But Dr. Haas isn’t just the state veterinarian within the Agency of Ag, she’s also the head of “food safety and consumer protection.” With that role, one would expect her to be informing consumers when farms violate food safety rules, especially when those violations result in contamination of the food supply.

Think again. Just look at the “consumer protection” section at the Agency’s own website (screenshot below). “Text goes here” is all they’ve got.

RegenVt found this bare webpage while seeking to find out if the Agency was alerting consumers about two recent cases of farms shipping milk in violation of antibiotic residue limits. And both shipments were not detected until AFTER they were processed and made into dairy products.

It seemed like a pretty good opportunity for Dr. Haas to put on her “food safety and consumer protection” hat, no? Instead, the silence is deafening.

But the silence ends when the enabling begins again.

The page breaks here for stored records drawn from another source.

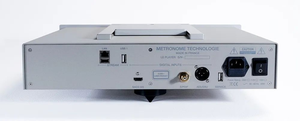 Métronome Le Player 4 — великолепный CD-транспорт, предполагающий самых искушённых потребителей музыки в CD формате. Механизм считывания записей с диска SUOS CD-Pro8S с оптическим модулем Sanyo HD850 OPU. В Métronome Le Player 4 интегрирована опция апсемплинга, обеспечивающая преобразование формата PCM до 384 кГц или DSD 128. Для получения частот дискретизации выше 192 кГц сигнал передается через цифровой выход I2S с разъемом HDMI. Аппарат весит 11 кг, оснащен 2 тороидальными трансформаторами, в которых использованы фильтры Шаффнера для защиты от электромагнитных и радиочастотных помех и выведены 4 отдельные независимые линии питания.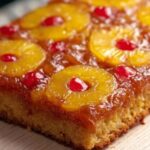 - Cool and Invert: Once baked, let the cake cool in the pan for about 10 minutes to allow the caramel to set slightly. Then carefully invert the cake onto a serving platter so the pineapple slices are on top, and serve warm or at room temperature.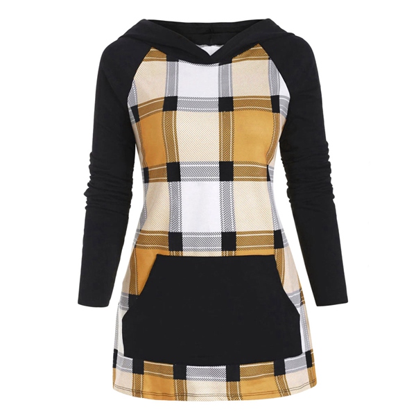 For a casual and stylish autumn look,you can have a try this sweatshirt! The plaid spliced design makes this piece look more attractive,while the long sleeve,hooded silhouette and front kangaroo pocket design maintain the classic design style. You can simply matching with your jeans to enjoy your day!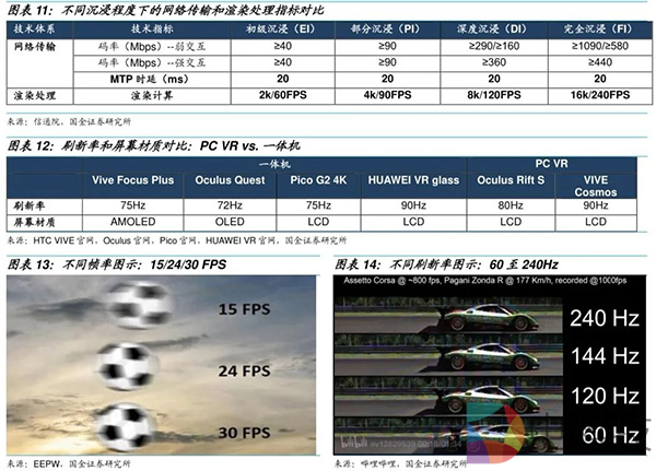 视觉晕动症:屏幕显示延时是用户使用VR设备产生视觉晕动症的主要原因,提高刷新率和帧率可以明显缓解。目前具体存在四种类型的延迟,包括屏幕显示延时、计算延时、传输延时以及传感器延时。其中屏幕显示延时VR设备延时的主要因素。以Oculus Rift为例,Oculus Rift总延时为19.3ms,其中屏幕显示延时13.3ms,延时占比达到69%。而降低屏幕显示延时的最简单方法就是提高刷新率和帧率,减少帧间延时,目前主流PC VR刷新率普遍高于VR一体机,因此PC VR在进行重度游戏时延迟感和眩晕感能有所缓解。在屏幕选择方面,AMOLED的响应时间是LCD的千分之一,显示运动画面不会有拖影的现象,因此未来一段时间,AMOLED显示屏将成为解决屏幕显示延迟的最佳解决方案。

Here, for example, is how Dr. Haas responded when asked how the Agency of Ag is responding to the World Health Organization’s “urgent” call for a reduction of on-farm antibiotics usage: “The reduction of farm animal antibiotic use is not a goal of the Agency…The Agency does not monitor antibiotic purchases and sales or maintain records that quantify this data.”

Data? Reduction goals? Who needs that? It’s the sound regulatory heads stuck in sand. And it’s NOT in the public’s interest.

The consumers of Vermont’s dairy products deserve better, much better. It’s time to break up the dual and conflicting roles within the Agency of Agriculture. Because it’s clear our “state veterinarian” isn’t taking her “consumer protection” job very seriously.